§ **What the task asks**
Every line of the listing below is to be duplicated exactly, with the pictures left out.
--- Dataset content ---
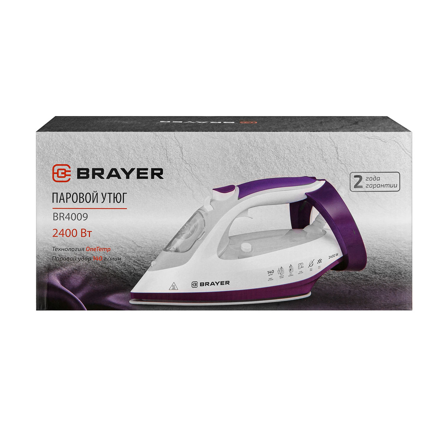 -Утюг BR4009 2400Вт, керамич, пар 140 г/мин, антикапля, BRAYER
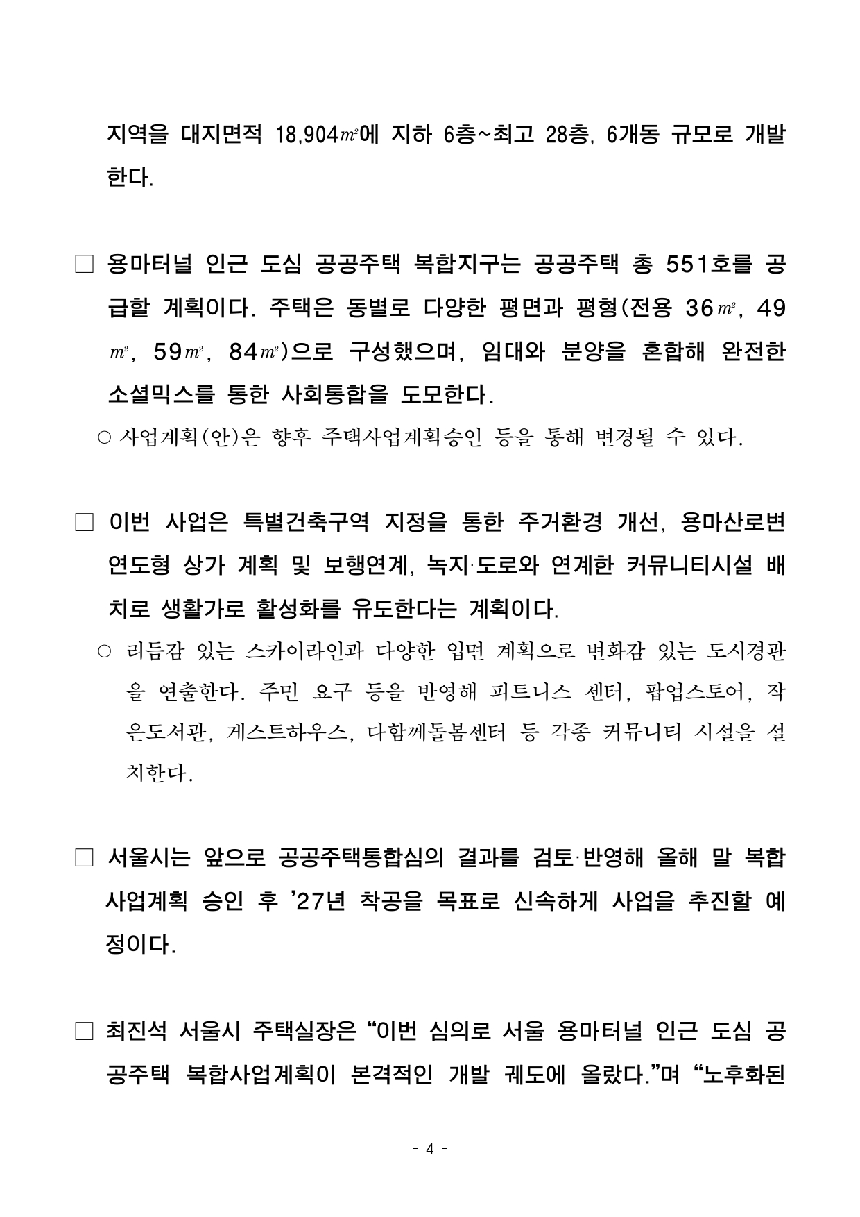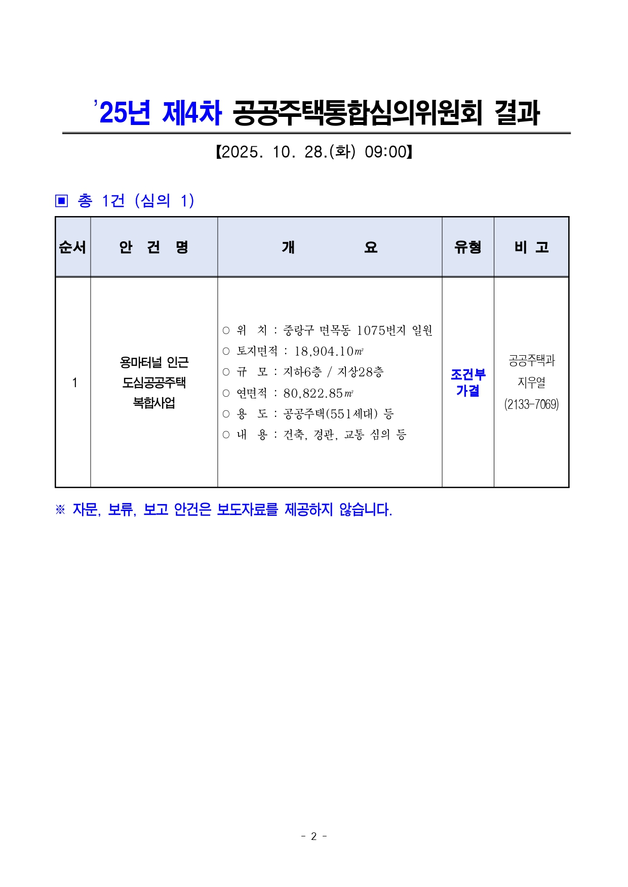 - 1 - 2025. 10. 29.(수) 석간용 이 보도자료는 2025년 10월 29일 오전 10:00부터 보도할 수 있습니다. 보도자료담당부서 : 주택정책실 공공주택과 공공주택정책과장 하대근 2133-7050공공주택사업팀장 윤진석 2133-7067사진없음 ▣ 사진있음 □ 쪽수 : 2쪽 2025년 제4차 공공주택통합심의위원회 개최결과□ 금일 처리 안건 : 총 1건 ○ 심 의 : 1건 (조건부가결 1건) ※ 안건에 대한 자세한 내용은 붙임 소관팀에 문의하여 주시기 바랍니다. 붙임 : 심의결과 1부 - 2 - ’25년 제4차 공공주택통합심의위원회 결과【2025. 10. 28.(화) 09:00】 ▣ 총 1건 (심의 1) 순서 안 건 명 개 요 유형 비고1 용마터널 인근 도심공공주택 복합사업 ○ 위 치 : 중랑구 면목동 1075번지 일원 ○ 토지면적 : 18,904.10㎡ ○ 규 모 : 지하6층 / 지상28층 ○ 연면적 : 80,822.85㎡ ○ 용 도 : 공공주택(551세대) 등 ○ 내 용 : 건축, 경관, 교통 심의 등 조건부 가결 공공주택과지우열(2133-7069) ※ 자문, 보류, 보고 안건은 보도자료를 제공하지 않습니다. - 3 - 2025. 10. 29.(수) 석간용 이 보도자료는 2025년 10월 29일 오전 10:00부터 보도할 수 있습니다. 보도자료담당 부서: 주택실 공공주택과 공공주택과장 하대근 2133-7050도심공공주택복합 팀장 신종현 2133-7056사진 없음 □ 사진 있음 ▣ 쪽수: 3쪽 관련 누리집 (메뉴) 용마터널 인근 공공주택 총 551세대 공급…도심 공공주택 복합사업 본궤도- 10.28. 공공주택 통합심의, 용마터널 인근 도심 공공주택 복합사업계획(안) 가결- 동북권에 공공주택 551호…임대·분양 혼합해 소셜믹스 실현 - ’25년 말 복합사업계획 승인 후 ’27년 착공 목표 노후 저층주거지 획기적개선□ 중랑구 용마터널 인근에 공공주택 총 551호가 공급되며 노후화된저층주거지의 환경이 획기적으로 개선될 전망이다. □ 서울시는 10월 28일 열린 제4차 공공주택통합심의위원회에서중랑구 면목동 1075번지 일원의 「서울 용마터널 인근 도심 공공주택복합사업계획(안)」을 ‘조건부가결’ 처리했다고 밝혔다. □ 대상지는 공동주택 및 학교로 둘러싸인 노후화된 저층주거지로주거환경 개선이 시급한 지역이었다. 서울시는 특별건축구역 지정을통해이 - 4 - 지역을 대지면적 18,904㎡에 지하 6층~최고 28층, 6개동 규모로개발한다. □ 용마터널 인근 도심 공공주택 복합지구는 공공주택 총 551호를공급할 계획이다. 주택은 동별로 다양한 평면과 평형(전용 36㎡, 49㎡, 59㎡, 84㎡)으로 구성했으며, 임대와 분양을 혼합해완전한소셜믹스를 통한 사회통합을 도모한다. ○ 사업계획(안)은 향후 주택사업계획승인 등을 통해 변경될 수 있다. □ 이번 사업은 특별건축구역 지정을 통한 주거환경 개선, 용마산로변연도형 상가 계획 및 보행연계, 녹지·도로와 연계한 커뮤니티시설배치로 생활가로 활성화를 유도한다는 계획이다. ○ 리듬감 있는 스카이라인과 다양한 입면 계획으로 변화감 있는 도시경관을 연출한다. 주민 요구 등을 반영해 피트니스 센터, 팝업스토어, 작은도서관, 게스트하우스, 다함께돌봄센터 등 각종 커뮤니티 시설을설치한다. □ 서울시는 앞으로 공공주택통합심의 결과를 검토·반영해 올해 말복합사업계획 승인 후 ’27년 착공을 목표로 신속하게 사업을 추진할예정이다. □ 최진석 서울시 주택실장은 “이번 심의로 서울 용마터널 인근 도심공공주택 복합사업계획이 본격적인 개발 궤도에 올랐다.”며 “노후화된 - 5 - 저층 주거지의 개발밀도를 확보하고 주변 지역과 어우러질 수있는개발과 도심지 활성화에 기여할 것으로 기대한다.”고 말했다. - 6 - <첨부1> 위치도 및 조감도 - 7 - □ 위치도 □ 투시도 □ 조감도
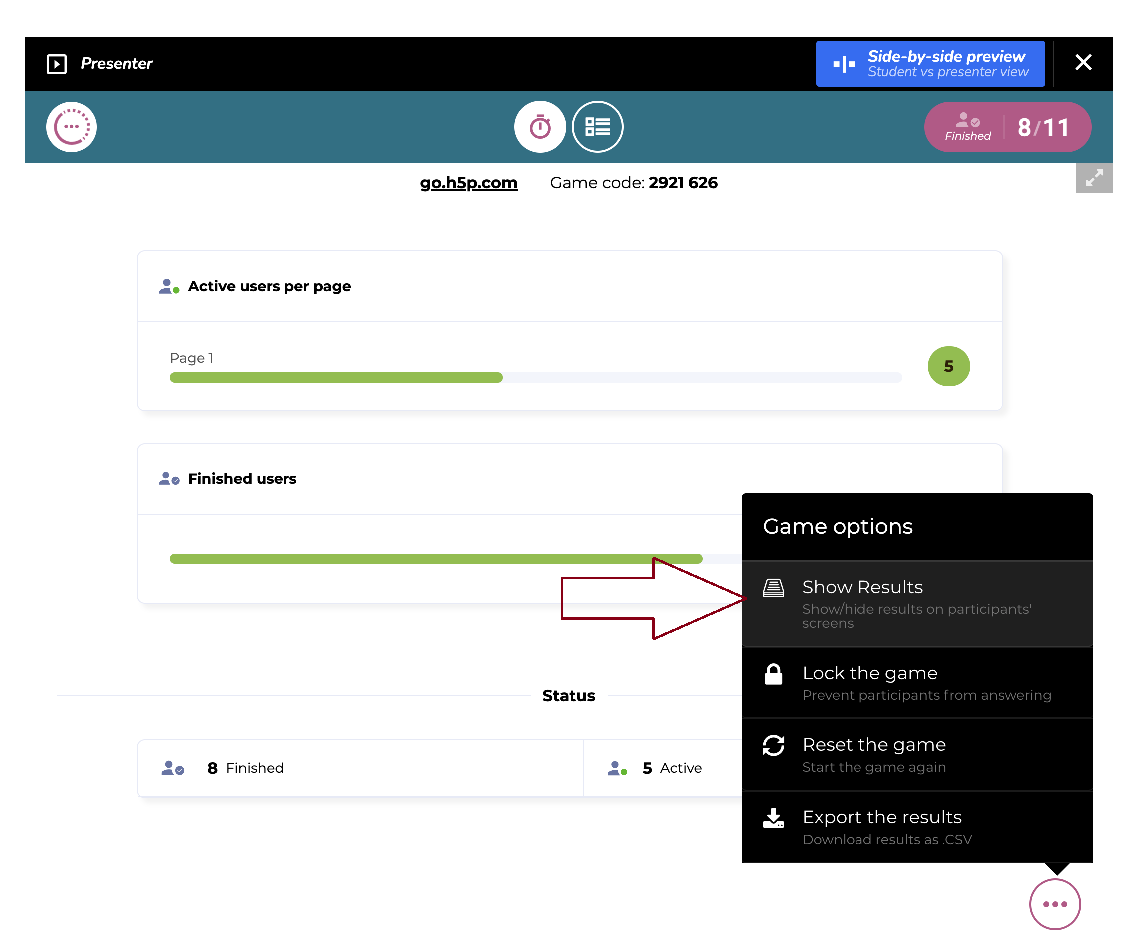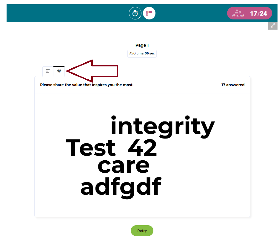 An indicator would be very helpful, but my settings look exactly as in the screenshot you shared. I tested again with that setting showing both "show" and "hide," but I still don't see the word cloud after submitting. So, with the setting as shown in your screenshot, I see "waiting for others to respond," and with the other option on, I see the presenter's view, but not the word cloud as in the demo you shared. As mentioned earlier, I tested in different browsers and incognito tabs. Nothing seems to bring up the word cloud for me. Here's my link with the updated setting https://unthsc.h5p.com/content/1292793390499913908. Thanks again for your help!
---
§ **Reply to the task**
 -Утюг BR4009 2400Вт, керамич, пар 140 г/мин, антикапля, BRAYER
 - 1 - 2025. 10. 29.(수) 석간용 이 보도자료는 2025년 10월 29일 오전 10:00부터 보도할 수 있습니다. 보도자료담당부서 : 주택정책실 공공주택과 공공주택정책과장 하대근 2133-7050공공주택사업팀장 윤진석 2133-7067사진없음 ▣ 사진있음 □ 쪽수 : 2쪽 2025년 제4차 공공주택통합심의위원회 개최결과□ 금일 처리 안건 : 총 1건 ○ 심 의 : 1건 (조건부가결 1건) ※ 안건에 대한 자세한 내용은 붙임 소관팀에 문의하여 주시기 바랍니다. 붙임 : 심의결과 1부 - 2 - ’25년 제4차 공공주택통합심의위원회 결과【2025. 10. 28.(화) 09:00】 ▣ 총 1건 (심의 1) 순서 안 건 명 개 요 유형 비고1 용마터널 인근 도심공공주택 복합사업 ○ 위 치 : 중랑구 면목동 1075번지 일원 ○ 토지면적 : 18,904.10㎡ ○ 규 모 : 지하6층 / 지상28층 ○ 연면적 : 80,822.85㎡ ○ 용 도 : 공공주택(551세대) 등 ○ 내 용 : 건축, 경관, 교통 심의 등 조건부 가결 공공주택과지우열(2133-7069) ※ 자문, 보류, 보고 안건은 보도자료를 제공하지 않습니다. - 3 - 2025. 10. 29.(수) 석간용 이 보도자료는 2025년 10월 29일 오전 10:00부터 보도할 수 있습니다. 보도자료담당 부서: 주택실 공공주택과 공공주택과장 하대근 2133-7050도심공공주택복합 팀장 신종현 2133-7056사진 없음 □ 사진 있음 ▣ 쪽수: 3쪽 관련 누리집 (메뉴) 용마터널 인근 공공주택 총 551세대 공급…도심 공공주택 복합사업 본궤도- 10.28. 공공주택 통합심의, 용마터널 인근 도심 공공주택 복합사업계획(안) 가결- 동북권에 공공주택 551호…임대·분양 혼합해 소셜믹스 실현 - ’25년 말 복합사업계획 승인 후 ’27년 착공 목표 노후 저층주거지 획기적개선□ 중랑구 용마터널 인근에 공공주택 총 551호가 공급되며 노후화된저층주거지의 환경이 획기적으로 개선될 전망이다. □ 서울시는 10월 28일 열린 제4차 공공주택통합심의위원회에서중랑구 면목동 1075번지 일원의 「서울 용마터널 인근 도심 공공주택복합사업계획(안)」을 ‘조건부가결’ 처리했다고 밝혔다. □ 대상지는 공동주택 및 학교로 둘러싸인 노후화된 저층주거지로주거환경 개선이 시급한 지역이었다. 서울시는 특별건축구역 지정을통해이 - 4 - 지역을 대지면적 18,904㎡에 지하 6층~최고 28층, 6개동 규모로개발한다. □ 용마터널 인근 도심 공공주택 복합지구는 공공주택 총 551호를공급할 계획이다. 주택은 동별로 다양한 평면과 평형(전용 36㎡, 49㎡, 59㎡, 84㎡)으로 구성했으며, 임대와 분양을 혼합해완전한소셜믹스를 통한 사회통합을 도모한다. ○ 사업계획(안)은 향후 주택사업계획승인 등을 통해 변경될 수 있다. □ 이번 사업은 특별건축구역 지정을 통한 주거환경 개선, 용마산로변연도형 상가 계획 및 보행연계, 녹지·도로와 연계한 커뮤니티시설배치로 생활가로 활성화를 유도한다는 계획이다. ○ 리듬감 있는 스카이라인과 다양한 입면 계획으로 변화감 있는 도시경관을 연출한다. 주민 요구 등을 반영해 피트니스 센터, 팝업스토어, 작은도서관, 게스트하우스, 다함께돌봄센터 등 각종 커뮤니티 시설을설치한다. □ 서울시는 앞으로 공공주택통합심의 결과를 검토·반영해 올해 말복합사업계획 승인 후 ’27년 착공을 목표로 신속하게 사업을 추진할예정이다. □ 최진석 서울시 주택실장은 “이번 심의로 서울 용마터널 인근 도심공공주택 복합사업계획이 본격적인 개발 궤도에 올랐다.”며 “노후화된 - 5 - 저층 주거지의 개발밀도를 확보하고 주변 지역과 어우러질 수있는개발과 도심지 활성화에 기여할 것으로 기대한다.”고 말했다. - 6 - <첨부1> 위치도 및 조감도 - 7 - □ 위치도 □ 투시도 □ 조감도
 An indicator would be very helpful, but my settings look exactly as in the screenshot you shared. I tested again with that setting showing both "show" and "hide," but I still don't see the word cloud after submitting. So, with the setting as shown in your screenshot, I see "waiting for others to respond," and with the other option on, I see the presenter's view, but not the word cloud as in the demo you shared. As mentioned earlier, I tested in different browsers and incognito tabs. Nothing seems to bring up the word cloud for me. Here's my link with the updated setting https://unthsc.h5p.com/content/1292793390499913908. Thanks again for your help!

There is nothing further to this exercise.